Le reporting RSE obligatoire en 2015 dans l'UE?

L'UE veut renforcer la transparence dans la gestion des entreprises et développer leur "responsabilité sociale et environnementale " ou RSE . Plusieurs projets de directives sont déjà en discussion ou encore à l'étude. Outre les deux projets de directives destinés à améliorer la transparence et les directives comptables, la Commission européenne veut donner un cadre unique aux pays membres, s'agissant de la RSE . Celle-ci se traduit par l'obligation pour les entreprises de publier annuellement un certain nombre d'informations sur leurs politiques sociale et environnementale. Mais elle prend diverses formes en Europe.

Si la France en est toujours, depuis le Grenelle de l'environnement , à définir ce cadre juridique (taille des entreprises à partir de laquelle s'exerce l'obligation, problème des filiales, critères, etc.), la RSE se pratique sur une base volontaire en Allemagne . Au Danemark , elle est obligatoire pour les grandes entreprises. L'Espagne a adopté, en février 2011, une loi imposant aux entreprises publiques ou recevant des fonds publics de publier un rapport sur la gouvernance et le développement durable.

"Nous voulons utiliser le marché unique pour renforcer la responsabilité sociale et environnementale des entreprises", explique Stefaan de Rynck, porte-parole de Michel Barnier, commissaire européen au marché intérieur et aux services . Selon une information de l'agence AEDD, publiée vendredi 9 novembre, un projet de directive fixerait le seuil des entreprises concernées à plus de 500 salariés, soit 42 000 entreprises, et à celles dont le bilan total annuel serait supérieur à 20 millions d'euros ou le chiffre d'affaires net à 40 millions d'euros.
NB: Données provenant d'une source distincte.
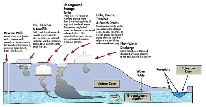 Groundwater at Hanford is severely contaminated with hazardous and radioactive chemicals, such as chromium, strontium-90, and other pollutants. Polluted groundwater from Hanford seeps into the Columbia River in the Hanford Reach. Federal and state agencies are undertaking major efforts to prevent the movement of contaminated groundwater to the Columbia River.
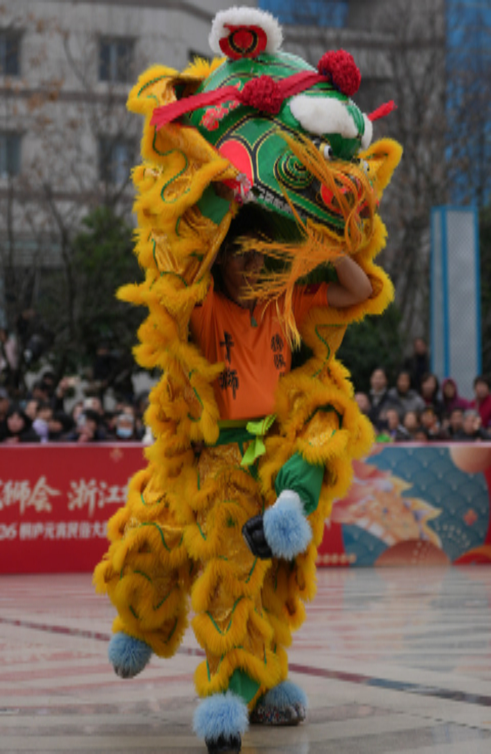 2月28日,广东揭阳青狮表演队在桐庐县中心广场巡游表演。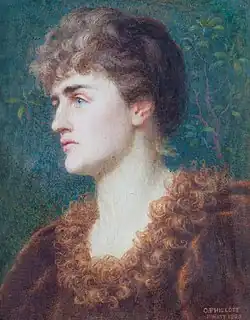 Phillott was born in Bloomsbury, London.[2] She was the second daughter of Arthur Phillott (1813–1853), a physician, and Frances Caroline Frend (1810–1912).[3] Her mother, who died aged 102, was the daughter of reformer William Frend. She had an older sister, Mary Agnes (1840–1921), who married John Robert Seeley in 1869, and a younger sister, Edith Frend Phillott (1852–1927).[4] She received her education at the Royal Academy schools, along with her cousin William Frend De Morgan and his later wife, Mary Evelyn Pickering. Phillott exhibited with a number of societies, including the Royal Academy and the Society of British Artists, and multiple galleries, such as the Grosvenor Gallery, and she was elected an associate of the Royal Society of Painters in Water Colours.[5] Constance declared her support for female suffrage and joined the London suffrage society in 1889.[6] There is no trace of her exhibiting after the 1880s, and it is unclear what happened to her at that time.[7] However, in 1891, she is listed in the census as a watercolour artist still, visiting a girls' school in Hampstead.[8]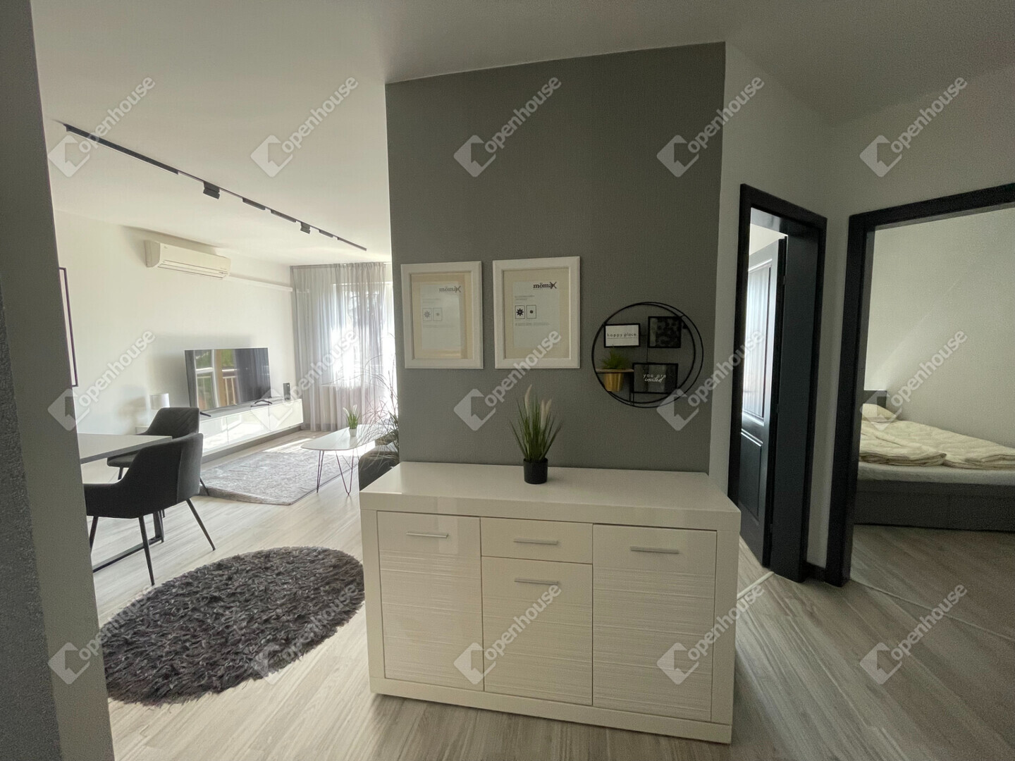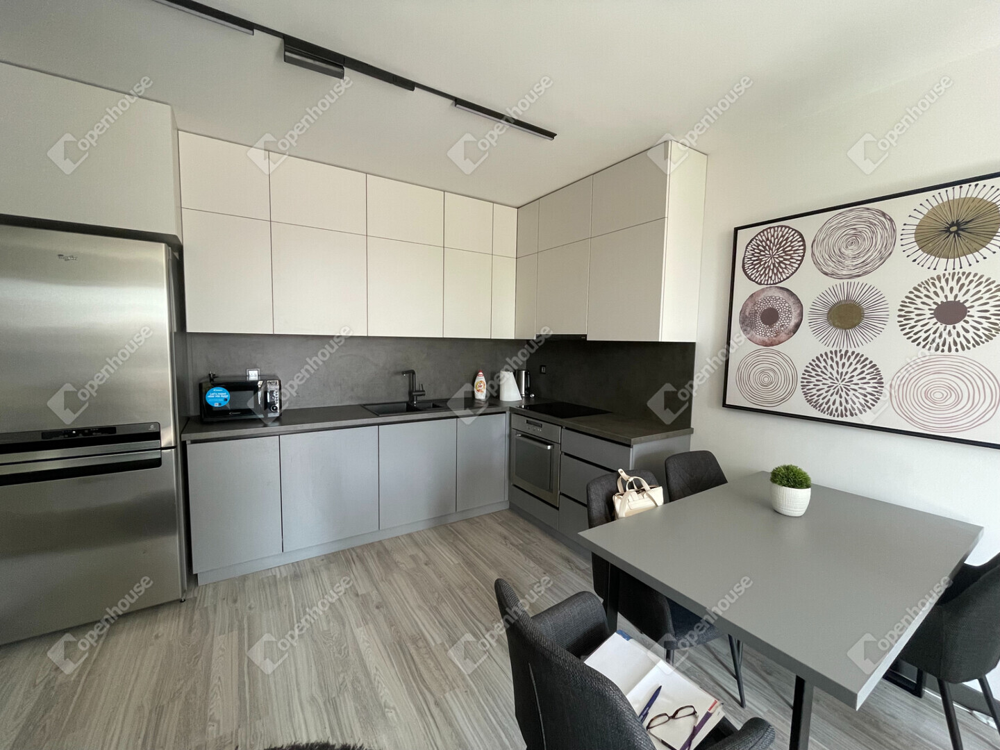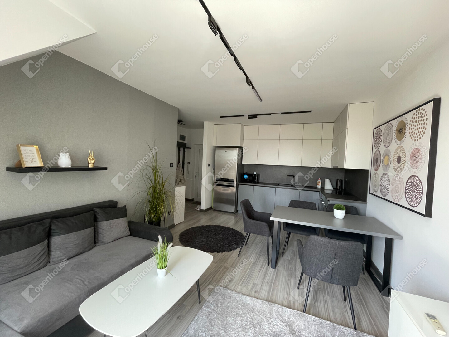 - A nappali, konyha és az étkező egyetlen légtérben helyezkedik el, modern beépített bútorokkal és teljes konyhai gépparkkal.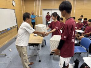OBOG戦は雨天中止となりましたが、筑紫高校視聴覚室において支援物品の贈呈、現役生向け講習会を行いました。 現役大学生、社会人から語られる体験談やアドバイス、戦術など、現役生は熱心に聴講しました。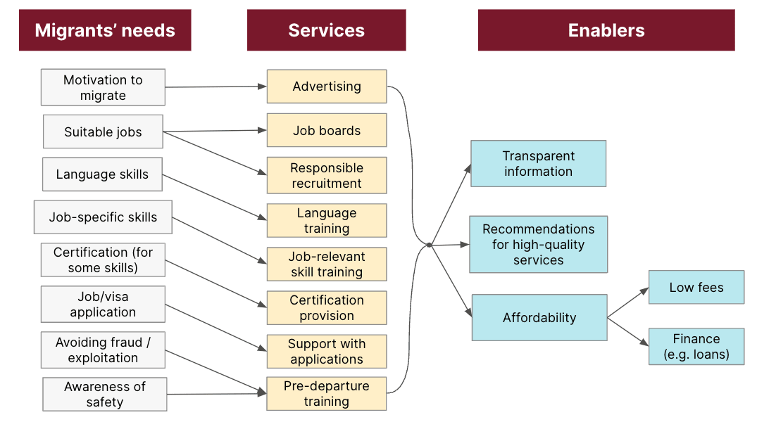 Figure 2: Barriers, services, and enablers needed for prospective migrants (in countries where visas and job opportunities are available).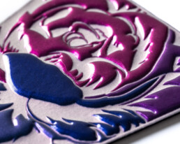 We do different types of single and mixed techniques on shoe tongue. We work all types of materials, on which the different processes are studied and adapted for an optimal final result that respects the customer’s needs. The techniques used can be embroidery (satin stitch, 3d stitch, punch stitch, carpet stitch, chain stitch, cross stitch, cornely stitch, sequins, beads, just to name a few),

"BIEN DEFINIR L'OBLIGATION"

En réalité, précise-t-on dans l'entourage de M. Barnier, rien n'est fait. Sans surprise, l'organisation qui fédère les patronats européens, Business Europe , reste hostile au principe d'obligation, préférant la base volontaire et faisant valoir les risques que représenteraient ces nouvelles contraintes sur la compétitivité. De l'autre côté, la Commission souligne le soutien au projet des organisations syndicales et de nombreuses ONG. Le scénario envisagé pourrait abaisser le seuil des entreprises soumises à la RSE à 250 salariés.

Les commissaires veulent d'abord faire aboutir la directive sur la transparence, qui fait obligation aux entreprises extractives et forestières de déclarer les sommes versées aux gouvernements pour leurs activités. "Pour cette directive, comme pour la RSE , il s'agit de bien calibrer l'obligation, car celle-ci sera transposée dans la législation de chaque Etat membre" , précise M. de Rynck. Les entreprises qui ne se soumettraient pas à ces déclarations pourraient alors être sanctionnées.

Si la directive sur la transparence devrait être rapidement adoptée et entrer en vigueur dès 2014, la RSE , elle, ne devrait pas devenir obligatoire avant 2015 ou 2016.